#### [EXERCISE AIM]
The line holding "ELE-GATE 3 in" is the last one to output; start at the first line of the data, keep every line in between exactly, and leave out pictures.

#### [DATA BELOW]

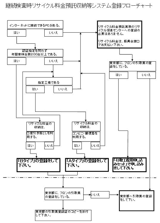 自動車リサイクルシステムへの事業者登録申請書類が、自動車リサイクル促進センターから届きました。下記のフローチャートをご参考の上、振興会各支所で必要書類をお受け取り下さい。
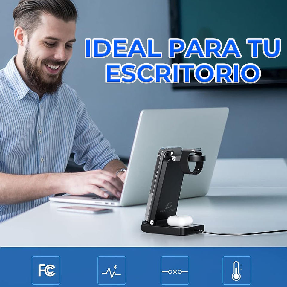 ELE-GATE 3 in 1 15W Stazione di Ricarica Wireless Certificata per Smartwatch e iPhone in Materiale ABS Resistente
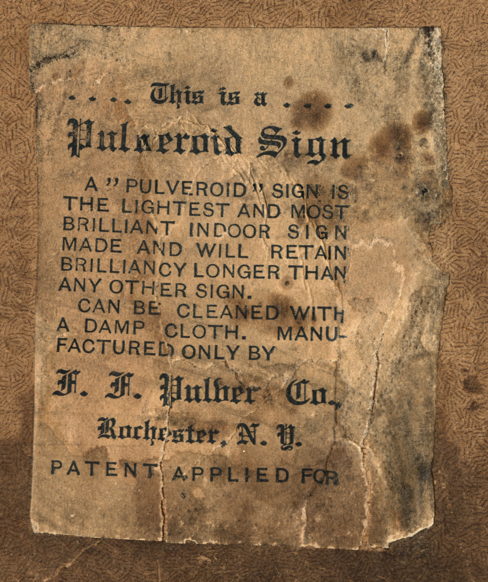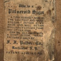 Printed bottom right front: F. F. Pulver Co., Rochester, N.Y.; printed paper label adhered to reverse: This is a/Pulvuroid Sign/A "Pulveroid" sign is/the lightest and most/brilliant indoor sign/made and will retain/brilliancy longer than/any other sign./Can be cleaned with/a damp cloth. Manu-/factured only by/F. F. Pulver Co.,/Rochester, N. Y./Patent applied for
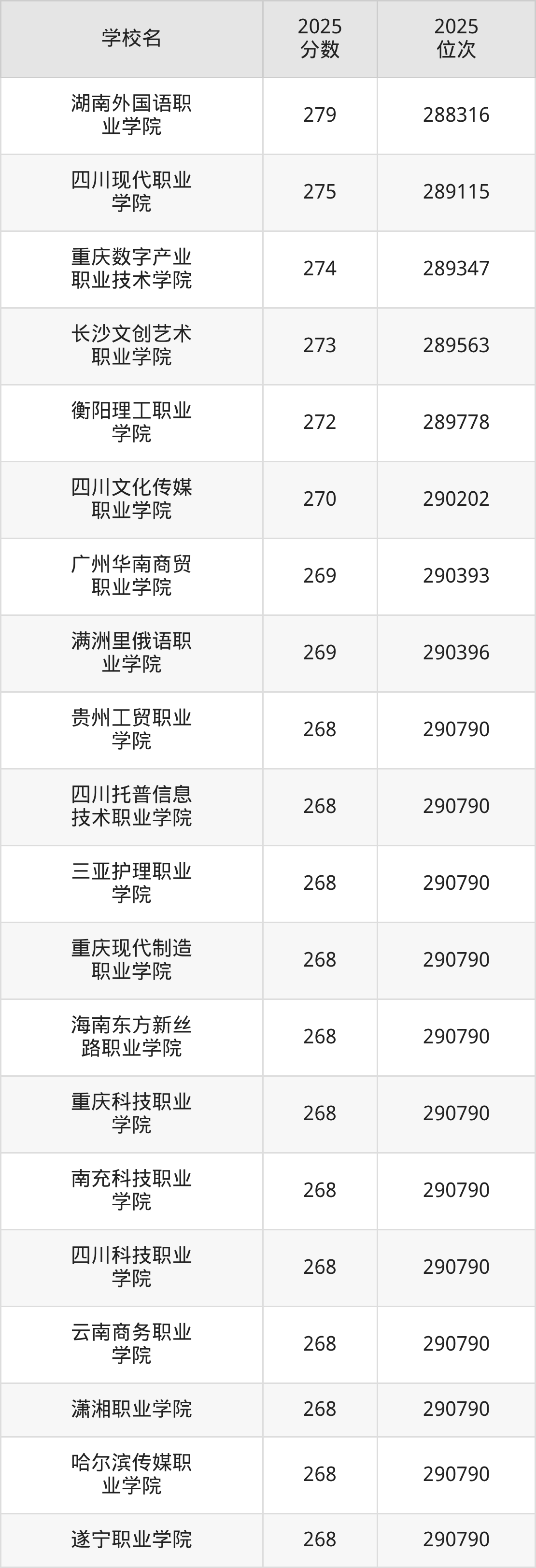 而位次最低的民办院校有四川文轩职业学院、广西英华国际职业学院、广西工程职业学院、重庆艺术工程职业学院,分数为268分,对应最低位次排名为290790名。

#### [TASK RESPONSE]
 自動車リサイクルシステムへの事業者登録申請書類が、自動車リサイクル促進センターから届きました。下記のフローチャートをご参考の上、振興会各支所で必要書類をお受け取り下さい。
 ELE-GATE 3 in 1 15W Stazione di Ricarica Wireless Certificata per Smartwatch e iPhone in Materiale ABS Resistente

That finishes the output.